Here is a block of entries. Write out its lines exactly, from the first through the one containing "<今日の献立>スタミナ納豆丼・しゅうまい・酢の物".
··· Data to process
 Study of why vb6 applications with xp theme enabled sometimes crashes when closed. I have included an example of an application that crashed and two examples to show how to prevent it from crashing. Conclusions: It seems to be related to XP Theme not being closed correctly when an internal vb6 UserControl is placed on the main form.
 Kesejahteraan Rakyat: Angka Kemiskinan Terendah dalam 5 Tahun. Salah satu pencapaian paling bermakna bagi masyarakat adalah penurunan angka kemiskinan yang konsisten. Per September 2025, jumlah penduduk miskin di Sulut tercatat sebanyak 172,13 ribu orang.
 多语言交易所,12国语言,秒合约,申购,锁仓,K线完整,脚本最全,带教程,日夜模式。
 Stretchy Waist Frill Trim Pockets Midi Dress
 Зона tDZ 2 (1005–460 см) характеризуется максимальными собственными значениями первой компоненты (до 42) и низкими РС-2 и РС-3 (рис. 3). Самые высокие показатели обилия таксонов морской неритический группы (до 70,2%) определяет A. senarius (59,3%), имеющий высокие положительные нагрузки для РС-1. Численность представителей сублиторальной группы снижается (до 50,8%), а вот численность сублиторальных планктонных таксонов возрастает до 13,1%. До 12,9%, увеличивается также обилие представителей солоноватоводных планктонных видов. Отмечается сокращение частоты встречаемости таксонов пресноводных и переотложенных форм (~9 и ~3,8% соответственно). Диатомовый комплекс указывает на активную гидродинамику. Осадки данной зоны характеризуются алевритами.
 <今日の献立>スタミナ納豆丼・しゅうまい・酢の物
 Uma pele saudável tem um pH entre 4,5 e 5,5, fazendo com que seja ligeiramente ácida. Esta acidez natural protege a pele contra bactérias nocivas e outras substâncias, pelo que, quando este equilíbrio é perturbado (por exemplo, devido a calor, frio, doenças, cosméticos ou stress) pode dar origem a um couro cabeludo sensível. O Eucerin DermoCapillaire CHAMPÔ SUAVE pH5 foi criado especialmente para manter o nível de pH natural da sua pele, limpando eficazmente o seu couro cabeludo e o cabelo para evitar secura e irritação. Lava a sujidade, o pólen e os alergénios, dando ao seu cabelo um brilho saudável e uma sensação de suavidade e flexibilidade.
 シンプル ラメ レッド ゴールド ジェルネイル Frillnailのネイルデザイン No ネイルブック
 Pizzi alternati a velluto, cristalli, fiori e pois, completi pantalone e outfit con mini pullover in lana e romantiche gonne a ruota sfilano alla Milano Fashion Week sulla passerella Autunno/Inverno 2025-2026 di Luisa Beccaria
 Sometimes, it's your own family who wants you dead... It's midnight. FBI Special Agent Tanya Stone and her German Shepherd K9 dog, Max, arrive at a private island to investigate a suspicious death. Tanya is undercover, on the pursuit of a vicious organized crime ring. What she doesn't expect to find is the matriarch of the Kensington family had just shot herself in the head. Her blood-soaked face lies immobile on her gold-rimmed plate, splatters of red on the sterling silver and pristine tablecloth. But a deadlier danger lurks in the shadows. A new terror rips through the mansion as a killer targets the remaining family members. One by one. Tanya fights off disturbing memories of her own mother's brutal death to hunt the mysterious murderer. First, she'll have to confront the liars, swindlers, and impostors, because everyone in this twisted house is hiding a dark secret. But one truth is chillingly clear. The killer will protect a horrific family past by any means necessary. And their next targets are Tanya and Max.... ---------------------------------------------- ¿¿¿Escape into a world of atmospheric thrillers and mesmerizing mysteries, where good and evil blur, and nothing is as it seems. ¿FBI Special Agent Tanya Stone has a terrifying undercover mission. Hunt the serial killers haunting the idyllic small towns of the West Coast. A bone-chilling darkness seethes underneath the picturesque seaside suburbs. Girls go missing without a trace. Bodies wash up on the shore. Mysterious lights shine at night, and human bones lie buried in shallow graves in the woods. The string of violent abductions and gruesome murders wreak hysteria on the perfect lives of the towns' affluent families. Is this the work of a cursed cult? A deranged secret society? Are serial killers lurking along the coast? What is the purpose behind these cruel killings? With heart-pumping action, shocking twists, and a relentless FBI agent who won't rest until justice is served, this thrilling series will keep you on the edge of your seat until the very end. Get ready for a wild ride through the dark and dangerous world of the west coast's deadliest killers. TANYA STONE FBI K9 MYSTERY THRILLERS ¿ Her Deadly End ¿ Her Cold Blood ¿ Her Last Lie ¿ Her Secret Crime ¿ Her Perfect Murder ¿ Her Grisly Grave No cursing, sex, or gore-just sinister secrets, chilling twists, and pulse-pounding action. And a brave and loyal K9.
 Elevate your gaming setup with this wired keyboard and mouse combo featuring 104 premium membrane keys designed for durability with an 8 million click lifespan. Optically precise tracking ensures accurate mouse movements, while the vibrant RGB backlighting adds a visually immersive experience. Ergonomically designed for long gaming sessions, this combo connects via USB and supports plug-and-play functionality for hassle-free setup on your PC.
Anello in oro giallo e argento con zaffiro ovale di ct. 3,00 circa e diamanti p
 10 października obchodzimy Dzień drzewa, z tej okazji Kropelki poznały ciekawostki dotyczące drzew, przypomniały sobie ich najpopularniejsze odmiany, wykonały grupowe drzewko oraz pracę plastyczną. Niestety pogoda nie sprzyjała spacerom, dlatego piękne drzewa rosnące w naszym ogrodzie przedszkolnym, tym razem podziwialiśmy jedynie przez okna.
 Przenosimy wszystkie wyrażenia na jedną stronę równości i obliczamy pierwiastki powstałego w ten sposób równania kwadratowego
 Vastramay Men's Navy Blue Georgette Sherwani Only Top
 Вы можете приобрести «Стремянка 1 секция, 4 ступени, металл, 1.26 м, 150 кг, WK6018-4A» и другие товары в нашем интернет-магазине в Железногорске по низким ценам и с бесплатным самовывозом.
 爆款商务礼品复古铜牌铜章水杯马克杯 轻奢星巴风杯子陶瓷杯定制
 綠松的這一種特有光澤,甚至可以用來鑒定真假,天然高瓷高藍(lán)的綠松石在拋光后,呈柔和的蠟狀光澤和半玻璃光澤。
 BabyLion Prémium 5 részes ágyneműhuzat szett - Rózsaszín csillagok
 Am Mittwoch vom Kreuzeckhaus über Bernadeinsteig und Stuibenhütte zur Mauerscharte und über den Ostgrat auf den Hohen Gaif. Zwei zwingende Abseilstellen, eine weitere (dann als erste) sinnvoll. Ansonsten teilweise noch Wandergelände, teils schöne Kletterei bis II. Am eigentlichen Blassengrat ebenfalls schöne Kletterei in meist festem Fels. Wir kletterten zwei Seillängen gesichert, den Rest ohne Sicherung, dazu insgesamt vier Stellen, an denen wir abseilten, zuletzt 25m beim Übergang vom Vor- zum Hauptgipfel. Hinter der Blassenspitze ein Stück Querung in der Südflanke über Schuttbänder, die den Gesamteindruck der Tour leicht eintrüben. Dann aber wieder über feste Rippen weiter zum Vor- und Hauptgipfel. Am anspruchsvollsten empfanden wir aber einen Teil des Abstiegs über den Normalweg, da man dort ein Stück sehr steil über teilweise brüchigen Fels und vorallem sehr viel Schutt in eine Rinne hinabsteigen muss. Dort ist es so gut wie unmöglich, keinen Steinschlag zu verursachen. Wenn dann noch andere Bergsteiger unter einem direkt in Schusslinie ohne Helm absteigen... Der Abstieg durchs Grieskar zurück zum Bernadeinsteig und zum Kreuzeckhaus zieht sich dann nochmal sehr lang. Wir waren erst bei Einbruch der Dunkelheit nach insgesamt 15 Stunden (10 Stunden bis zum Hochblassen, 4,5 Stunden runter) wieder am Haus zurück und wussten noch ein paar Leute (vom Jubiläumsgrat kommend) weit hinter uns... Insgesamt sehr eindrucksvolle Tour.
······
*Exercise solution:*
 Study of why vb6 applications with xp theme enabled sometimes crashes when closed. I have included an example of an application that crashed and two examples to show how to prevent it from crashing. Conclusions: It seems to be related to XP Theme not being closed correctly when an internal vb6 UserControl is placed on the main form.
 Kesejahteraan Rakyat: Angka Kemiskinan Terendah dalam 5 Tahun. Salah satu pencapaian paling bermakna bagi masyarakat adalah penurunan angka kemiskinan yang konsisten. Per September 2025, jumlah penduduk miskin di Sulut tercatat sebanyak 172,13 ribu orang.
 多语言交易所,12国语言,秒合约,申购,锁仓,K线完整,脚本最全,带教程,日夜模式。
 Stretchy Waist Frill Trim Pockets Midi Dress
 Зона tDZ 2 (1005–460 см) характеризуется максимальными собственными значениями первой компоненты (до 42) и низкими РС-2 и РС-3 (рис. 3). Самые высокие показатели обилия таксонов морской неритический группы (до 70,2%) определяет A. senarius (59,3%), имеющий высокие положительные нагрузки для РС-1. Численность представителей сублиторальной группы снижается (до 50,8%), а вот численность сублиторальных планктонных таксонов возрастает до 13,1%. До 12,9%, увеличивается также обилие представителей солоноватоводных планктонных видов. Отмечается сокращение частоты встречаемости таксонов пресноводных и переотложенных форм (~9 и ~3,8% соответственно). Диатомовый комплекс указывает на активную гидродинамику. Осадки данной зоны характеризуются алевритами.
 <今日の献立>スタミナ納豆丼・しゅうまい・酢の物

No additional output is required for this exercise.